Pal and Malik (2007) investigated the differences in the financial characteristics of 74 (public, private and foreign) banks in India based on factors, such as profitability, liquidity, risk and efficiency. It is suggested that foreign banks were better performers, as compared to other two categories of banks, in general and in terms of utilization of resources in particular.

Campbell (2007) focused on the relationship between nonperforming loans (NPLs) and bank failure and argued for an effective bank insolvency law for the prevention and control of NPLs for developing and transitional economies as these have been suffering severe problems due to NPLs.

Singla(2008) emphasized on financial management and examined the financial position of sixteen banks by considering profitability, capital adequacy, debt-equity and NPA.

Dutta and Basak (2008) suggested that Co-operative banks should improve their recovery performance, adopt new system of computerized monitoring of loans, implement proper prudential norms and organize regular workshops to sustain in the competitive banking environment.

Chander and Chandel (2010) analyzed the financial efficiency and viability of HARCO Bank and found poor performance of the bank on capital adequacy, liquidity, earning quality and the management efficiency parameters.
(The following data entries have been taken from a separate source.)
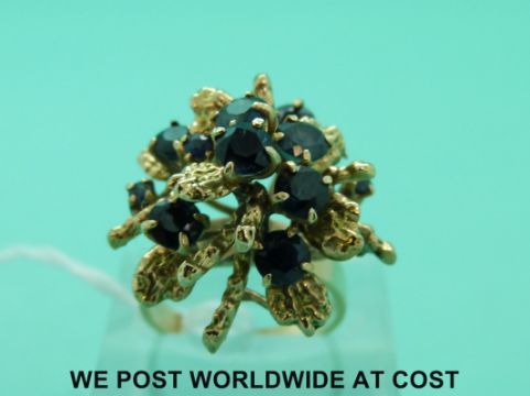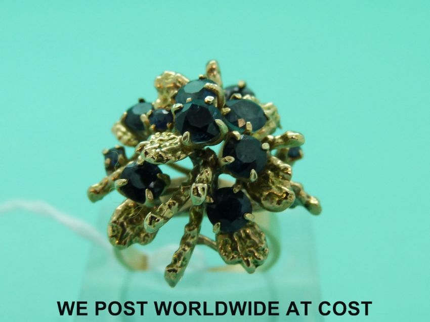 An 18ct gold ring set with round cut sapphires in a foliate design (size L)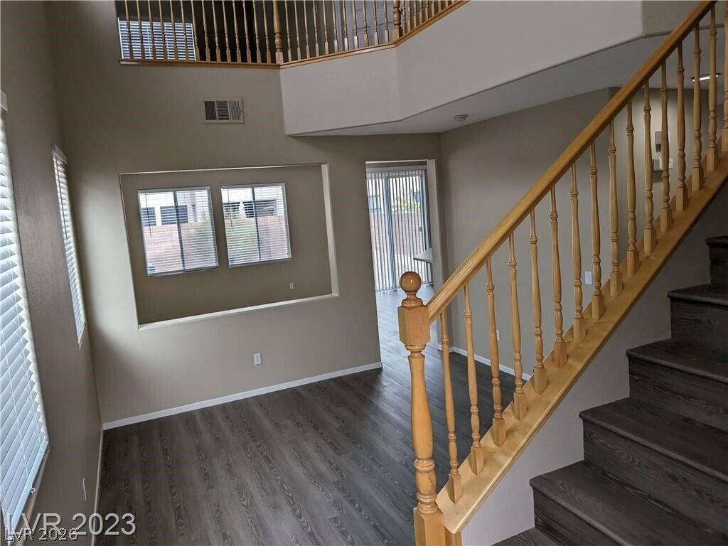This corner-lot, two-story 3-bedroom, 2.5-bath home is located on the western edge of Southern Highlands near Cactus and Jones, offering convenient freeway access. Inside, the home features vinyl plank flooring throughout and comes complete with all appliances. The layout includes walk-in closets in every bedroom, a dedicated kitchen pantry, and a primary bathroom with separate tub and shower. The backyard is fully landscaped with rock, providing a functional outdoor space. *Use the Five Star App online, and read carefully. Approved applicants must pay a holding deposit and sign a deposit form w/in 24 hours. Tenant to verify all data the tenant is relying on.* If this listing notes pets are allowed, then they must be screened and pay pet rent.* Restrictions may be imposed by HOA/Owner/Insurance*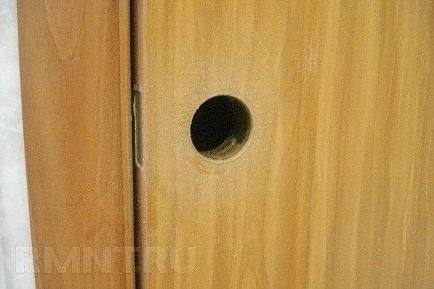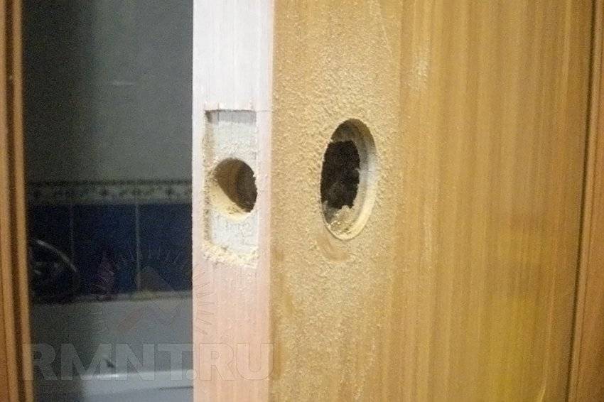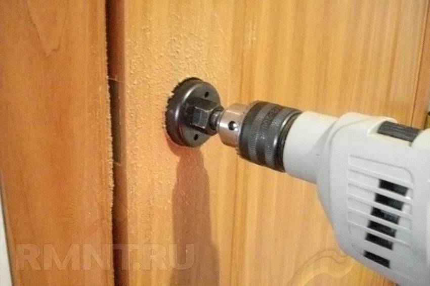 Делается отверстие в плоскости дверного полотна. Если мастер располагает специальным набором, процесс значительно ускоряется и упрощается — по разметке, используя цилиндрическое сверло, вырезают большее отверстие. Если набора нет, приходится выходить из положения с помощью электролобзика, или наметить окружность и высверлить ее по периметру тонким сверлом.

1. The cooperative financial institution is facing severe problems which have restricted their ability to ensure smooth flow of credit

* Limited ability to mobilize resources.
* Low Level of recovery.
* High transaction cost.
* Administered rate of interest structure for a long time.

2. Due to cooperative legislation and administration, Govt. interference has become a regular feature in the day–to-day administration of the cooperative institution. Some of the problem area that arise out of the applicability of the cooperatives legislative are:

* Deliberate control of cooperatives by the government.
* Nomination of board of director by the government.
* Participation of the nominated director by the government.
* Deputation of government officials to cooperative institution etc.
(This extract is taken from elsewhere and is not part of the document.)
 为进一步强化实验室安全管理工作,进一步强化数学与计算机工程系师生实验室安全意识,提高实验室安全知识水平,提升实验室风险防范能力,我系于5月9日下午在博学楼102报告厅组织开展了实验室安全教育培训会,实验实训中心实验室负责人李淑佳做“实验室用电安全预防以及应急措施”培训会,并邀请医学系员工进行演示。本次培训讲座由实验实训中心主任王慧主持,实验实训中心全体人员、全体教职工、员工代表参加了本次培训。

3. The state cooperative banks are not able to formulate their respective policies for investment of their funds that include their surplus resources because of certain restrictions.
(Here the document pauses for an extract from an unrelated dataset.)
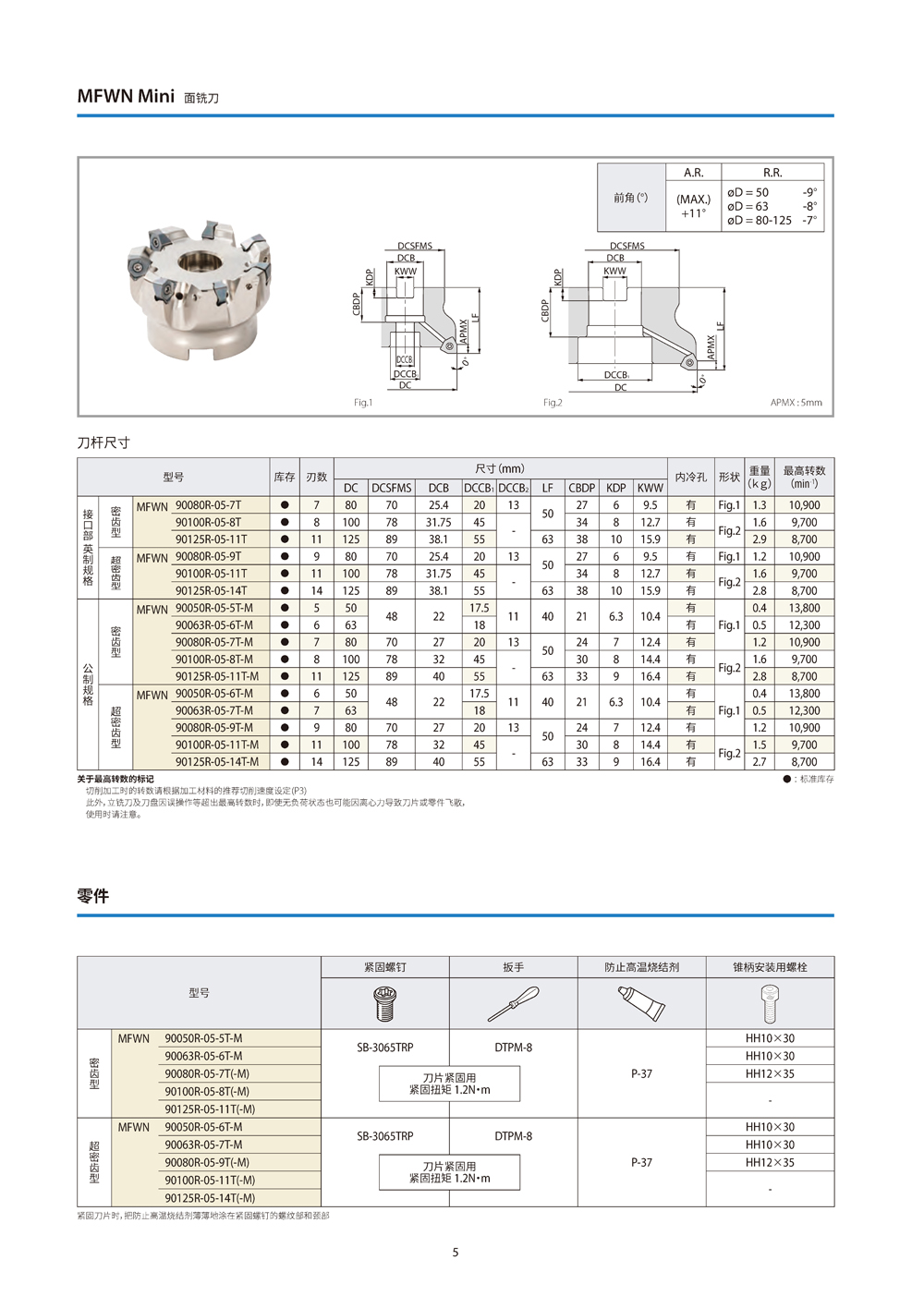 MFWN Mini刀盤型號

4. Prior approval of RBI is mandatory for opening of new branches of SCBs. The SCBs are required to submit the proposal for opening of new branches to RBI through NABARD, whose recommendation is primarily taken into consideration while according permission.

Hindrances to the performance of UCBs

* Rising Competition: The Urban Co-operative Banks' (UCBs) segment, which was considered as one of the robust and fast expanding segments of the banking system till late 1990s, has become one of the weakest with regular cases of failures. It must be recognized that an UCB's basic organization is driven by the philosophy of co-operation and in a increasingly competitive environment an urban bank becomes more vulnerable on account of factors like size, location and compulsions to lend to a sector and thus, is deprived of scale economies.

* Scams: Involvement of some of the UCBs in Gujrat and Andhra Pradesh in the share market scam in 2001 greatly lowered the level of public confidence in these banks. Even the existence of the Deposit Insurance and Credit Guarantee Corporation (DICGC), the upper insurance coverage is only up to Rs 1 lakh.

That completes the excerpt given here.